Ken and Ruth Davee Department of Neurology, Northwestern University Feinberg School of Medicine, Chicago, IL, 60611, USA; Medical Scientist Training Program, Northwestern University Feinberg School of Medicine, Chicago, IL, 60611, USA.
Ken and Ruth Davee Department of Neurology, Northwestern University Feinberg School of Medicine, Chicago, IL, 60611, USA.
Neurotherapeutics. 2024 Oct;21(6):e00425. doi: 10.1016/j.neurot.2024.e00425. Epub 2024 Jul 25.

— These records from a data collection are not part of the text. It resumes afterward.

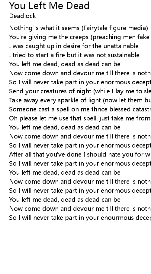 You left me dead, dead as dead can be |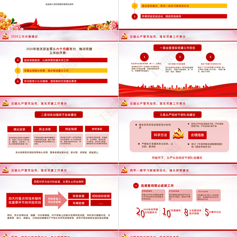 2020工作開展情況2020年我支部主要從六個(gè)方面發(fā)力,推動(dòng)黨建工作的開展:堅(jiān)持求真務(wù)實(shí),認(rèn)真開展黨建專項(xiàng)工作黨建業(yè)務(wù)融合發(fā)展,穩(wěn)步推進(jìn)重點(diǎn)工作學(xué)習(xí)宣傳十九大精神,落實(shí)新時(shí)代黨建總要求456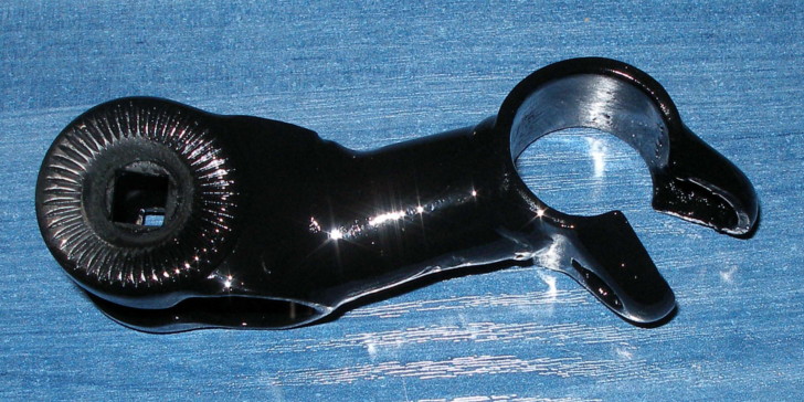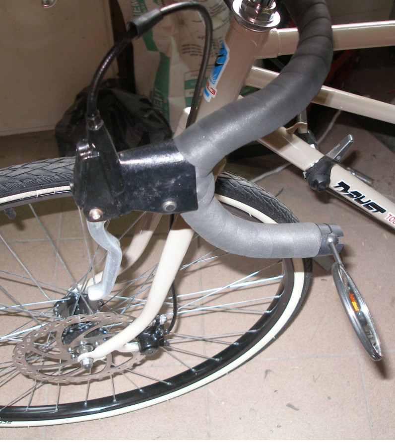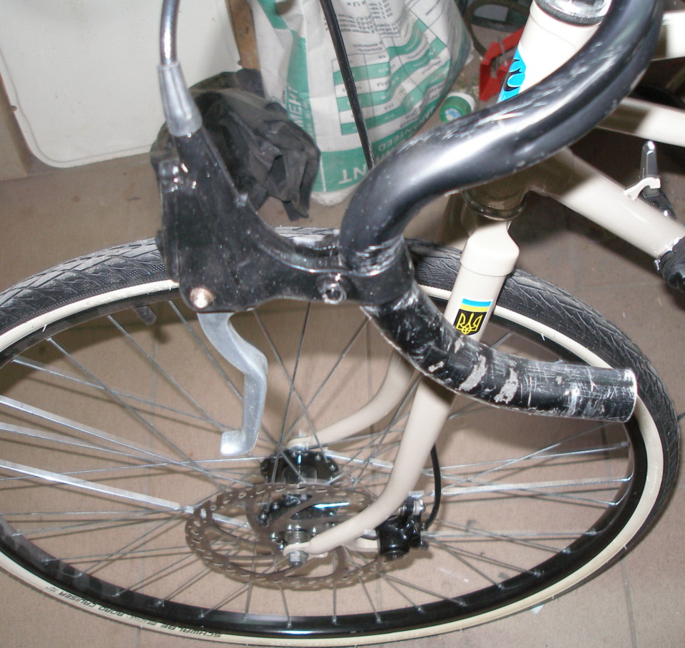 Эти надставочки кроме того что дали возможность использовать "хват за слоны", так ещё и сделали ручки пожоще, ато при нажатии вся ручка на хомуте прогибалась (выступающий хвостик у надставки рискнул закрепить заклёпкой 3мм к рулю, хотя можно было бы и бандаж проволокой наложить) .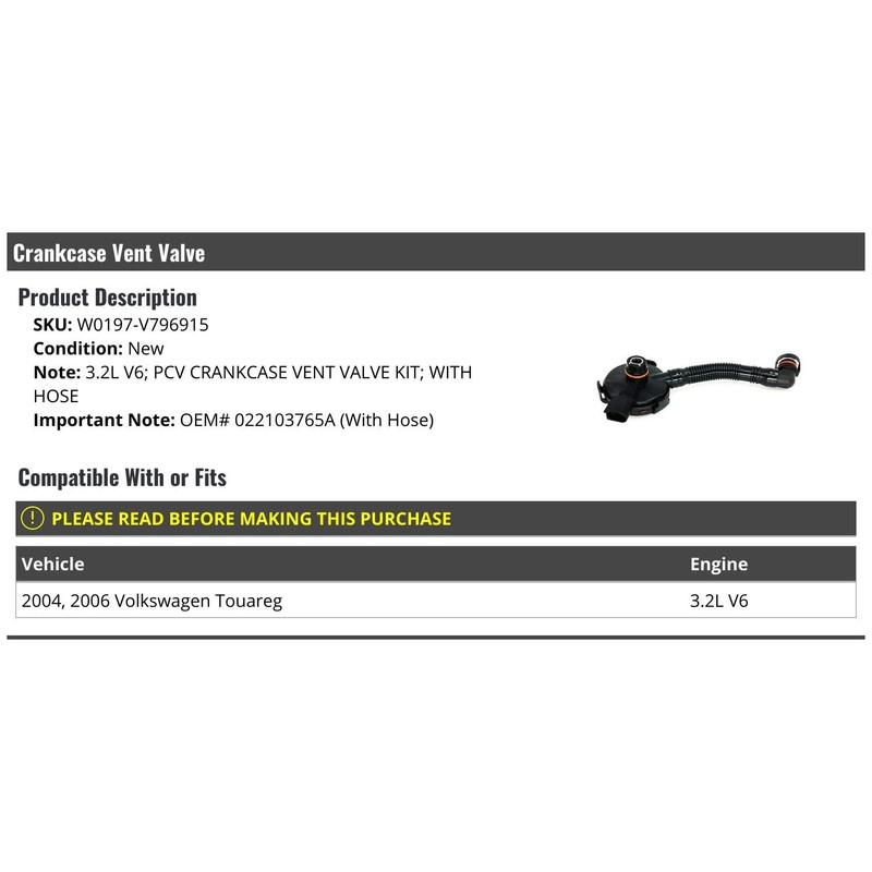 - 3.2L V6; PCV CRANKCASE VENT VALVE KIT; WITH HOSE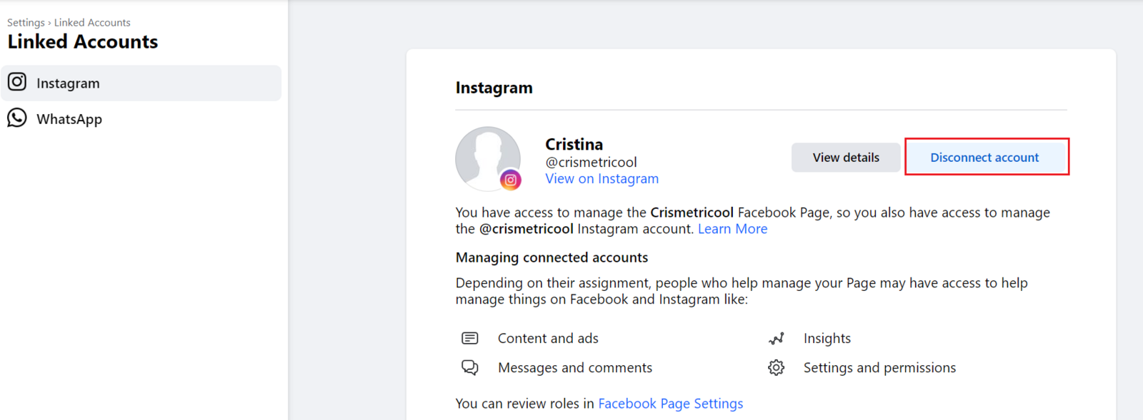 If you can't access the Linked Accounts page of your Page (Settings > Instagram in Classic Pages), it's possible that you lack the necessary role or access to your Facebook Page.

Alzheimer's disease (AD) is the most common neurodegenerative disorder and is the most common cause of dementia. AD is characterized pathologically by proteinaceous aggregates composed of amyloid beta (Aβ) and tau as well as progressive neurodegeneration. Concurrently with the buildup of protein aggregates, a strong neuroinflammatory response, in the form of reactive astrocytosis and microgliosis, occurs in the AD brain. It has recently been shown that the gut microbiome (GMB), composed of trillions of bacteria in the human intestine, can regulate both reactive astrocytosis and microgliosis in the context of both amyloidosis and tauopathy. Many studies have implicated microglia in these processes. However, growing evidence suggests that interactions between the GMB and astrocytes have a much larger role than previously thought. In this review, we summarize evidence regarding the gut microbiome in the control of reactive astrocytosis in AD.
阿尔茨海默病(AD)是最常见的神经退行性疾病,也是痴呆症最常见的病因。AD 在病理学上的特征是由淀粉样蛋白β(Aβ)和tau 组成的蛋白聚集物以及进行性神经退行性变。随着蛋白聚集物的积累,AD 大脑中会发生强烈的神经炎症反应,表现为反应性星形胶质细胞增生和小胶质细胞增生。最近的研究表明,肠道微生物组(GMB)由人类肠道中的数万亿细菌组成,可以调节淀粉样蛋白病和tau 病中的反应性星形胶质细胞增生和小胶质细胞增生。许多研究都表明小胶质细胞在这些过程中起作用。然而,越来越多的证据表明,肠道微生物组与星形胶质细胞之间的相互作用比以前认为的要大得多。在这篇综述中,我们总结了关于肠道微生物组在 AD 中控制反应性星形胶质细胞增生的证据。